W Austrii stwierdzono pierwszy przypadek śmiertelny koronawirusa - podały służby medyczne w Wiedniu. 69-latek, który powrócił z Włoch, zmarł w nocy ze środy na czwartek w jednym ze szpitali w austriackiej stolicy. Austriak, zanim zakaził się koronawirusem, chorował.

Do tej pory w całym kraju odnotowano 302 przypadki zakażenia koronawirusem, przy czym cztery osoby wyzdrowiały.

W Austrii wprowadzono kontrole graniczne, a zgromadzenia z udziałem ponad 100 osób zostały zakazane z nielicznymi wyjątkami.

"Wizyty w szpitalach są zakazane do odwołania" - zakomunikowały władze Wiednia w oświadczeniu, w którym poinformowały o śmierci mężczyzny.
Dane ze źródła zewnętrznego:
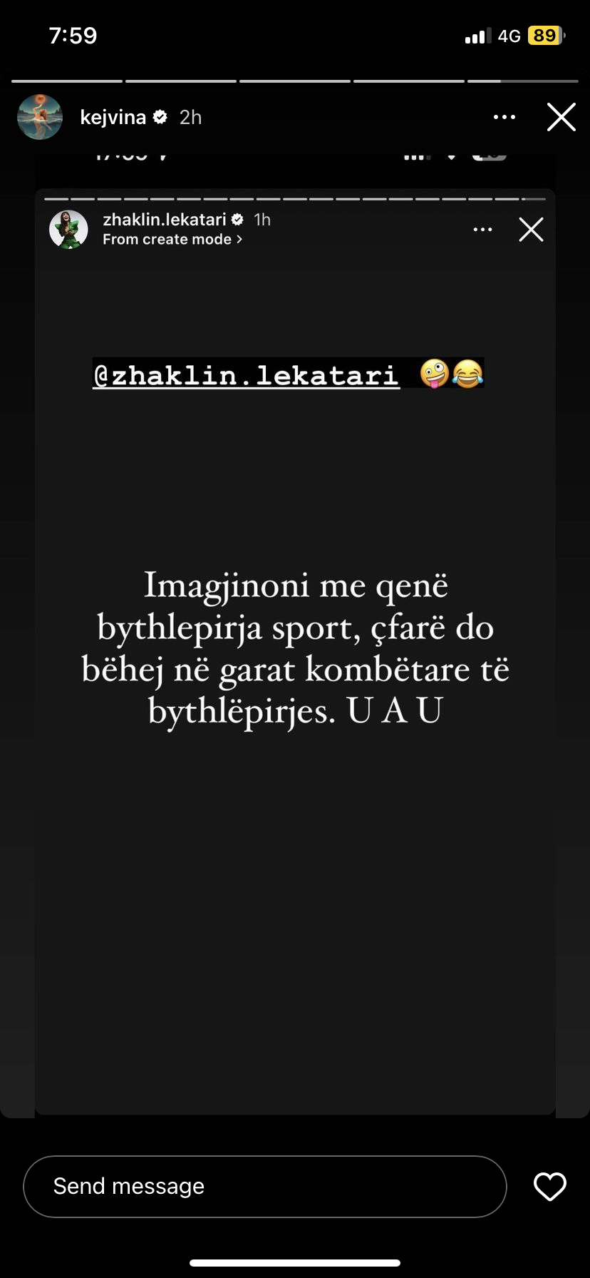 Ish-opinionistja Zhaklina Lekatari nëpërmjet një story në Instagram shkruan: ‘Imagjinoni me qenë bythlëpirja sport, çfarë do bëhej në garat kombëtare të bythlëpirjes. U A U.’

Odłożono również niepilne operacje, żeby skupić się na walce z epidemią Covid-19.

Koronawirus, który w grudniu ub. pojawił się w Chinach, rozprzestrzenił się już na ponad 110 krajów, zabił na świecie ponad 4,6 tys. osób; zakażonych jest ponad 126 tysięcy. Największe ogniska epidemii znajdują się w Chinach, a także we Włoszech, w Iranie i Korei Południowej. W Chinach kontynentalnych odnotowano ponad 80,7 tys. zakażonych i ponad 3100 zgonów, we Włoszech odpowiednio ponad 12,4 tys. i 827, w Iranie - ok. 9 tys. i ponad 350, w Korei Płd. ponad 7,7 tys. i 61.